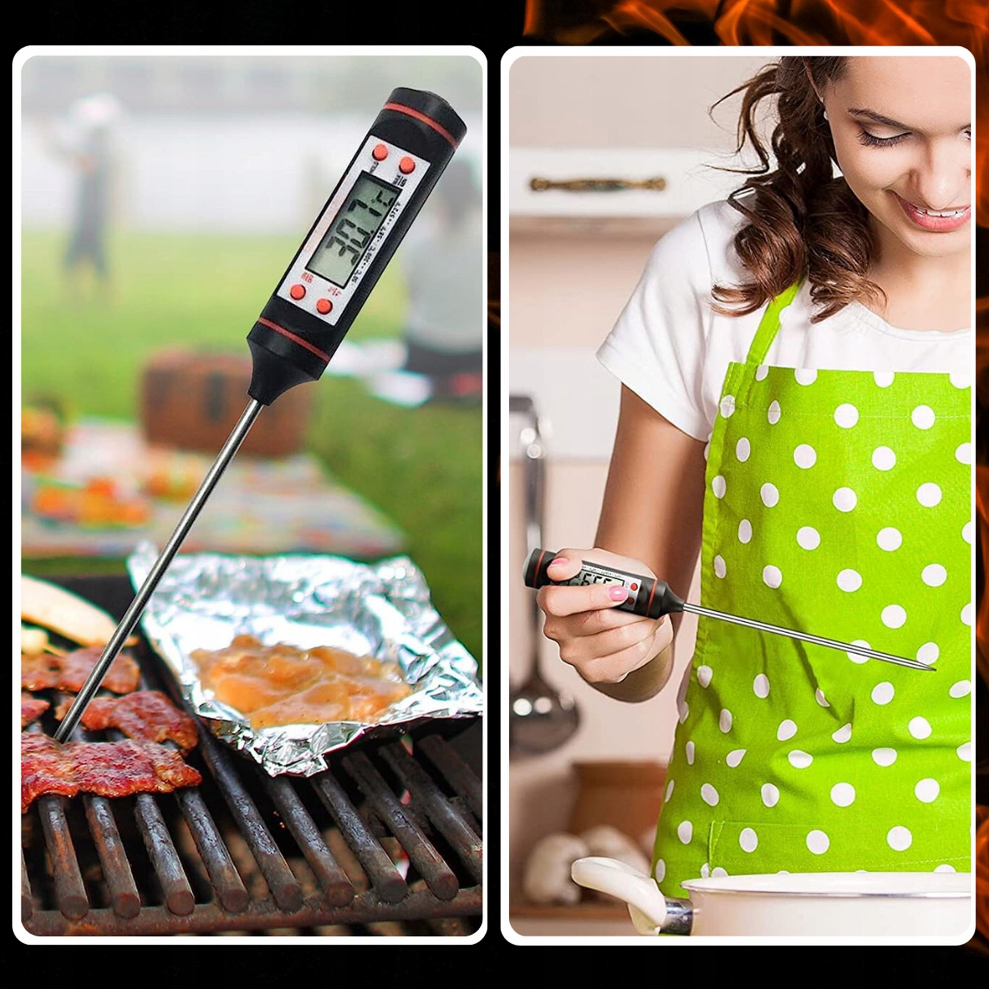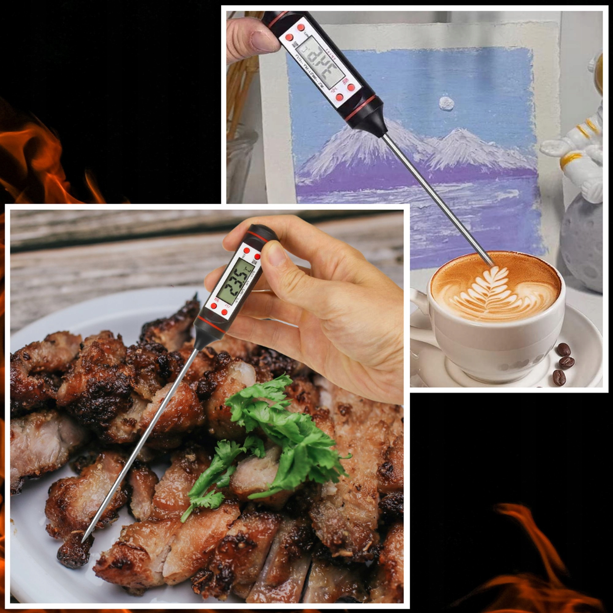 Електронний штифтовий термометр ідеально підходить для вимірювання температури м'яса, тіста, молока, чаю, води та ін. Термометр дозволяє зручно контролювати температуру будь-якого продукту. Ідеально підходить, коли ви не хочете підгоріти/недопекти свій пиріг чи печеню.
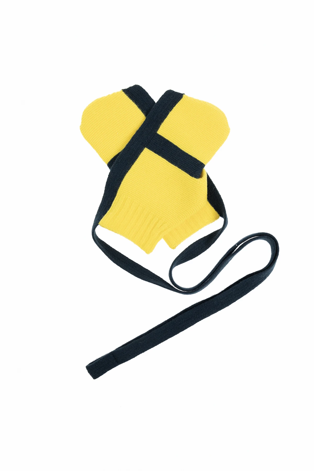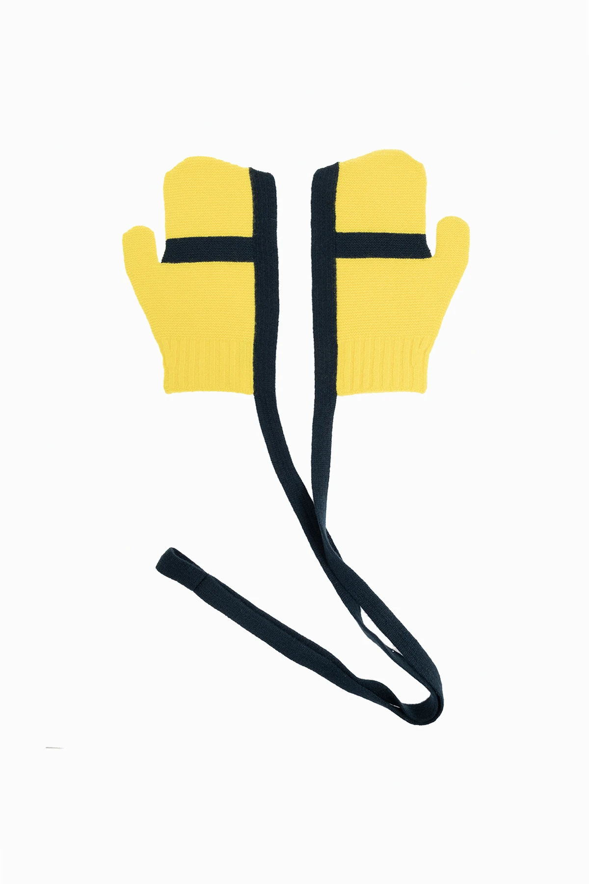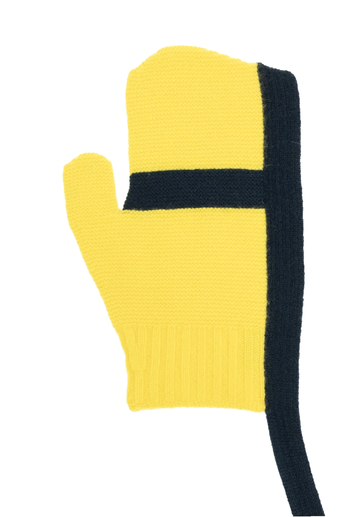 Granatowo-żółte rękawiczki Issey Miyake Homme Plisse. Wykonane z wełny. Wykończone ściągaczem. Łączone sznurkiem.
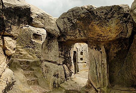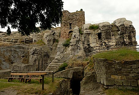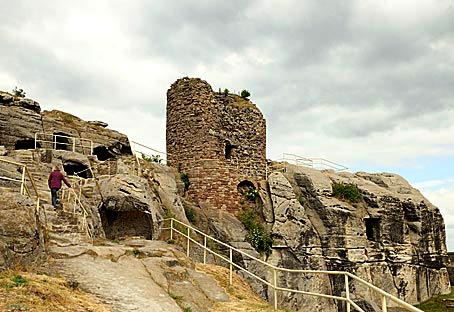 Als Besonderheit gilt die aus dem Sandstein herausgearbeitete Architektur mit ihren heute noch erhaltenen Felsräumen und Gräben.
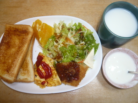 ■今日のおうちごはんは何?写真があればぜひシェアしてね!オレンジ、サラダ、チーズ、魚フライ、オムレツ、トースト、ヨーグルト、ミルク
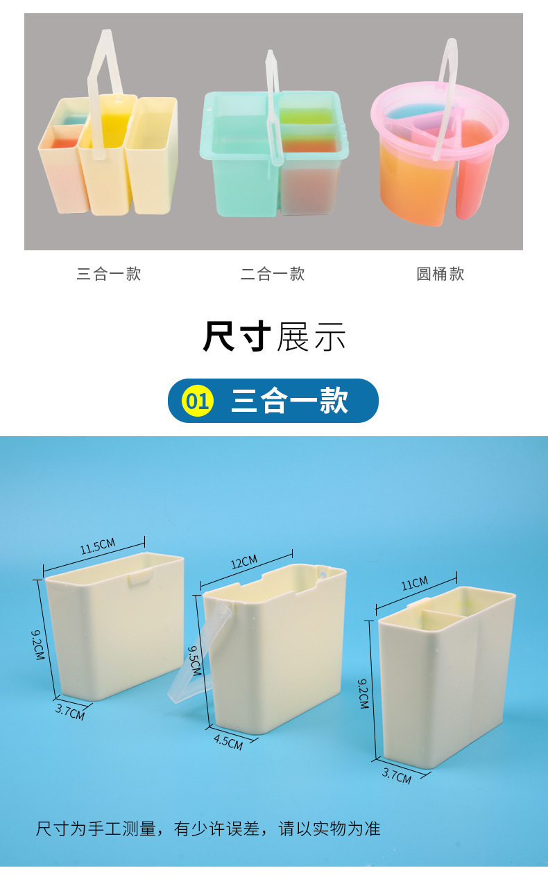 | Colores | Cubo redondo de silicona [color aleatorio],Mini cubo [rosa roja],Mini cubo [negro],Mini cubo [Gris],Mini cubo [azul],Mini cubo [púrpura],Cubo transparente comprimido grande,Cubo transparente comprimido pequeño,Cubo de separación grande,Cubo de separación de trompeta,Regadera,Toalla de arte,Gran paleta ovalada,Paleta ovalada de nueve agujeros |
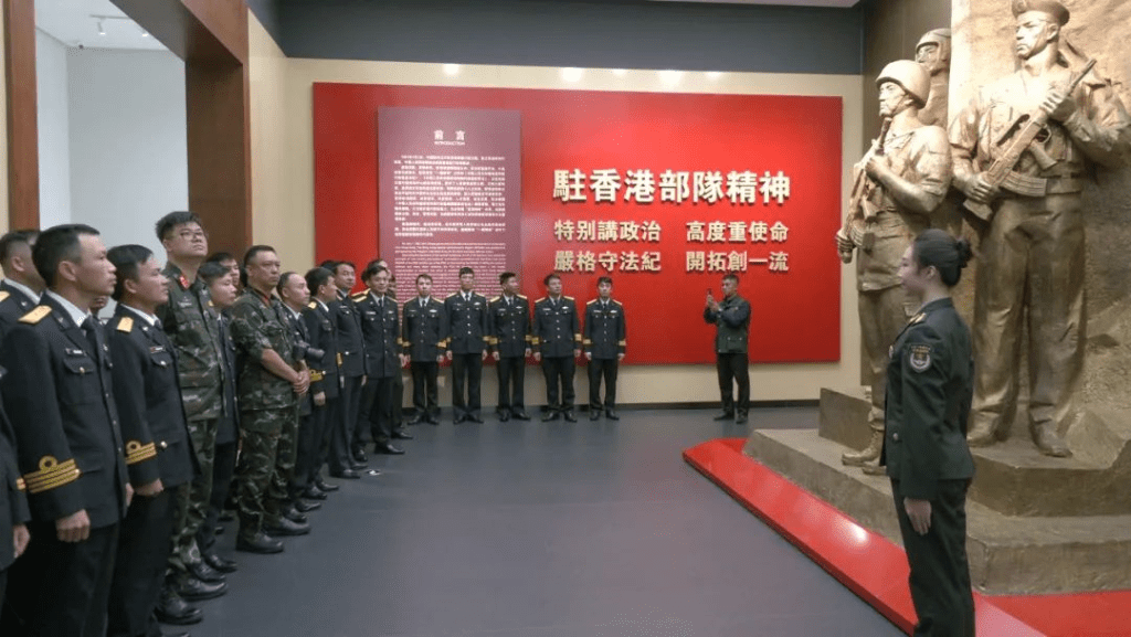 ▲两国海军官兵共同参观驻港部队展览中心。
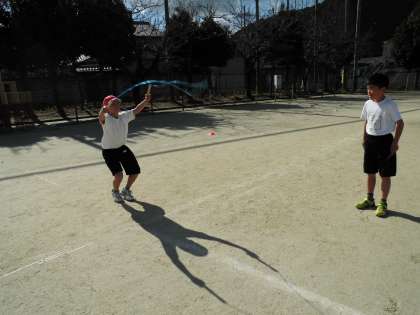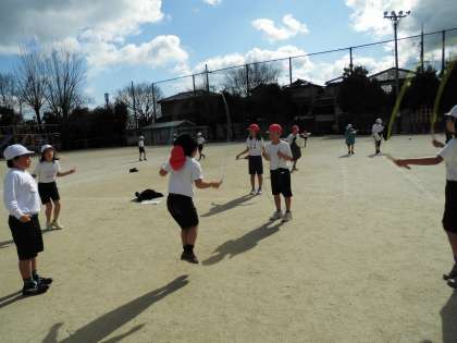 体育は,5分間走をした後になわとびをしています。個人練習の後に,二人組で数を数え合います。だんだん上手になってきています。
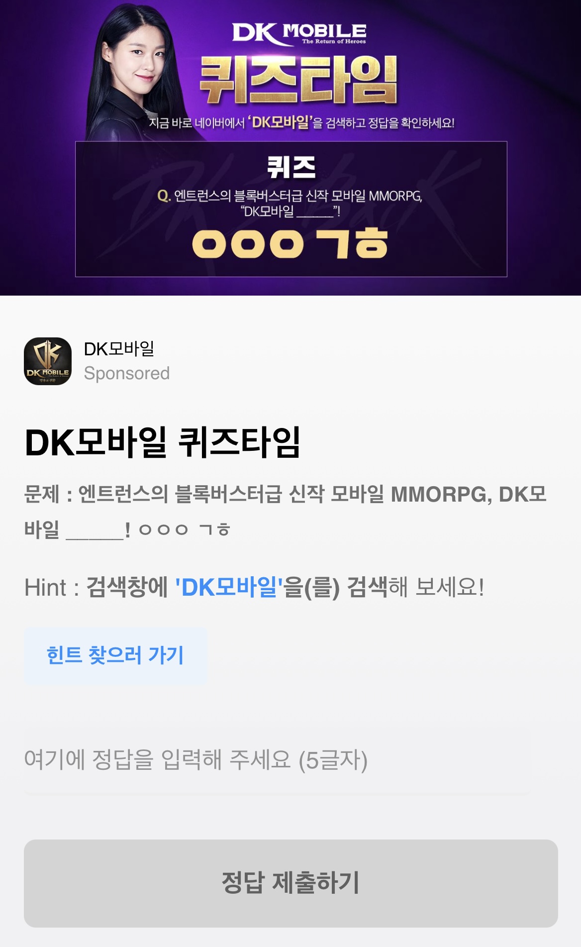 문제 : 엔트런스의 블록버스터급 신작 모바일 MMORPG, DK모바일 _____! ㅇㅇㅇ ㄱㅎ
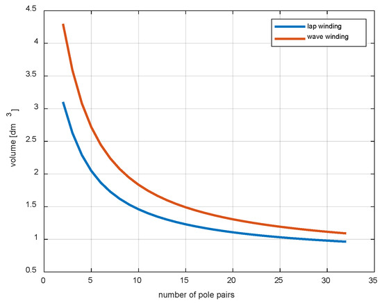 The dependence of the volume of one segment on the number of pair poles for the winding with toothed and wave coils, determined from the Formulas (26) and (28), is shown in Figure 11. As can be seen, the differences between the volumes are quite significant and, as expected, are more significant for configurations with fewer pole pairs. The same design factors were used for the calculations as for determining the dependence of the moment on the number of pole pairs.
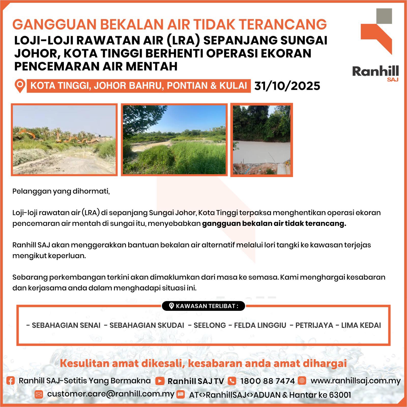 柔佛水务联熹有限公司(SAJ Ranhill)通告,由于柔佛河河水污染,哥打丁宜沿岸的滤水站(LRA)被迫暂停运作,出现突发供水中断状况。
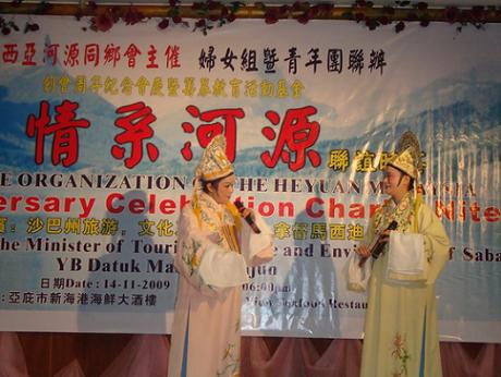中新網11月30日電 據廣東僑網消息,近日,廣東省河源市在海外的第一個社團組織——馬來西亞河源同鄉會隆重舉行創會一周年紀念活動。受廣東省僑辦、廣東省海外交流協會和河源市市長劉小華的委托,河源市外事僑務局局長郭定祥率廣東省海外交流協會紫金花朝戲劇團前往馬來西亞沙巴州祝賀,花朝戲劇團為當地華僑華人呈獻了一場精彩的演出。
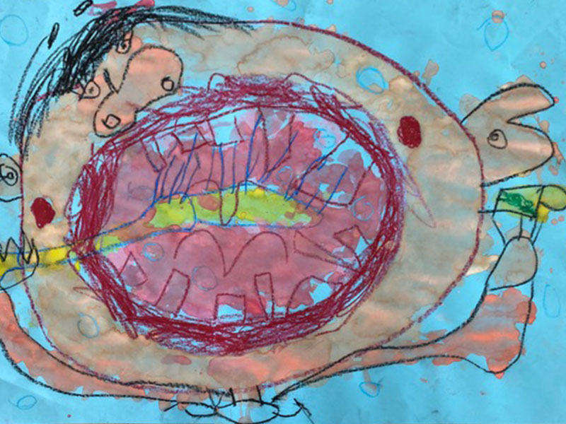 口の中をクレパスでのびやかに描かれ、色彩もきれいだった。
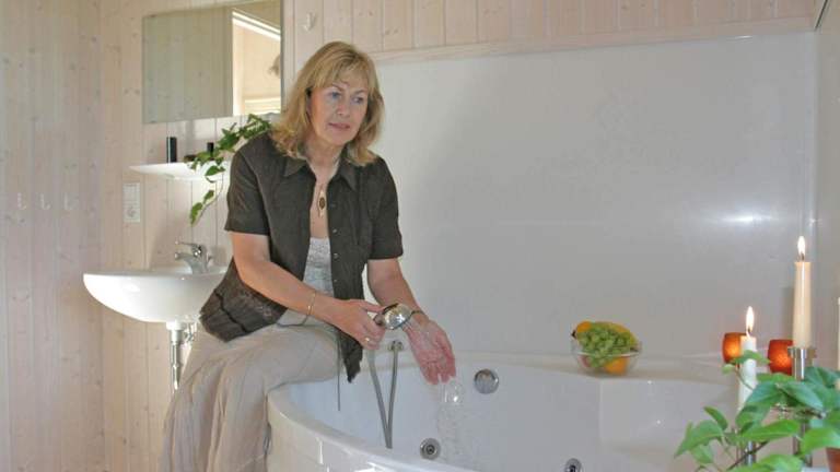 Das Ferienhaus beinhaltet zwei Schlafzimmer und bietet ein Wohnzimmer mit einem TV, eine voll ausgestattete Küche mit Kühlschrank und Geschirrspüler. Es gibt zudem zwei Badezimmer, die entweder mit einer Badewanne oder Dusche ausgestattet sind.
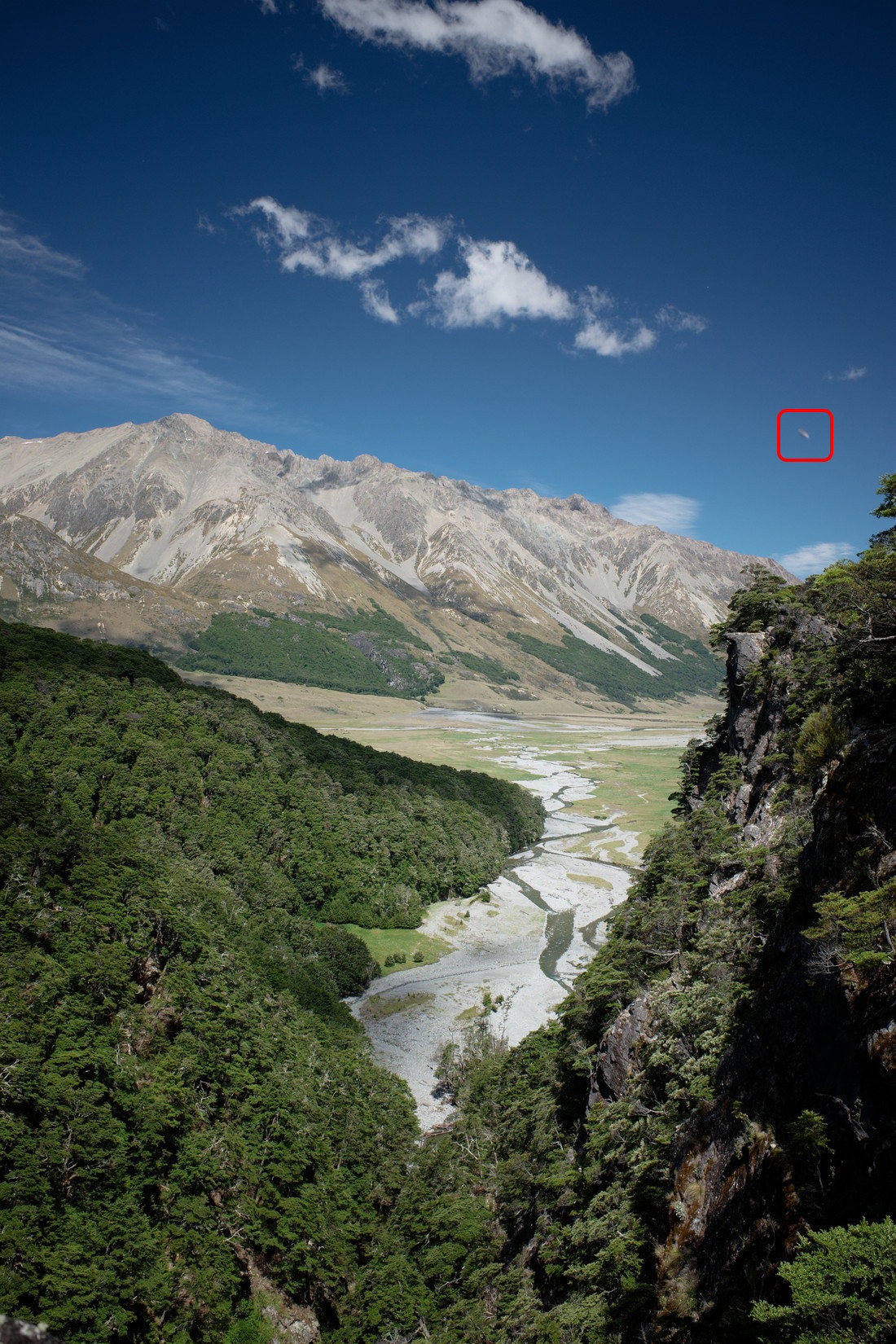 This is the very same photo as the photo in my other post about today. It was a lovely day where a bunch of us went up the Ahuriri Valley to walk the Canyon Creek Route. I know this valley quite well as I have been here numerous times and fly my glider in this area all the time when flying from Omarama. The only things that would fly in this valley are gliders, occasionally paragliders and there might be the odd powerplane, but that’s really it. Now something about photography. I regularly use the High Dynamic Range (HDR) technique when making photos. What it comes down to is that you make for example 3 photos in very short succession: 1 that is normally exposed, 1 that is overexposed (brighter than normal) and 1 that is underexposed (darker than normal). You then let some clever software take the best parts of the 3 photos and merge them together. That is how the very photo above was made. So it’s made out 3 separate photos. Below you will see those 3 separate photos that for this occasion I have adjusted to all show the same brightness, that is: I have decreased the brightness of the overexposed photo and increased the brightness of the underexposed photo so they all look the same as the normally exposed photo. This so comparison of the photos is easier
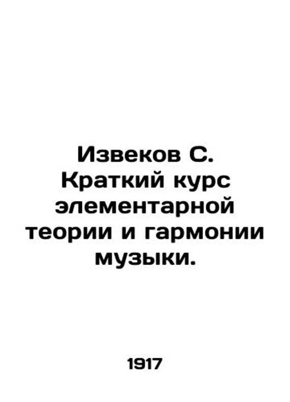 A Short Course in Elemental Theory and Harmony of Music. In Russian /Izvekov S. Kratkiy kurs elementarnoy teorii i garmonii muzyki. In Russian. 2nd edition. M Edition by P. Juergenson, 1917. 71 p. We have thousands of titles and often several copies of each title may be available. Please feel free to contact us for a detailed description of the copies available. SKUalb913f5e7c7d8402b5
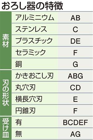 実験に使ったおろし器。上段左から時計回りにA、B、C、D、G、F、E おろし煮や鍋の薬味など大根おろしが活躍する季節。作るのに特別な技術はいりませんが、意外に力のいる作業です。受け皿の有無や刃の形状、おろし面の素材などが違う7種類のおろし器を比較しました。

WHAT THE TASK REQUIRES: Beginning with the line holding "中新網11月30日電 據廣東" in the material above, restate word for word each line through the line holding "Das Ferienhaus beinhaltet", and exclude pictures.

WRITTEN ANSWER:
中新網11月30日電 據廣東僑網消息,近日,廣東省河源市在海外的第一個社團組織——馬來西亞河源同鄉會隆重舉行創會一周年紀念活動。受廣東省僑辦、廣東省海外交流協會和河源市市長劉小華的委托,河源市外事僑務局局長郭定祥率廣東省海外交流協會紫金花朝戲劇團前往馬來西亞沙巴州祝賀,花朝戲劇團為當地華僑華人呈獻了一場精彩的演出。
 口の中をクレパスでのびやかに描かれ、色彩もきれいだった。
 Das Ferienhaus beinhaltet zwei Schlafzimmer und bietet ein Wohnzimmer mit einem TV, eine voll ausgestattete Küche mit Kühlschrank und Geschirrspüler. Es gibt zudem zwei Badezimmer, die entweder mit einer Badewanne oder Dusche ausgestattet sind.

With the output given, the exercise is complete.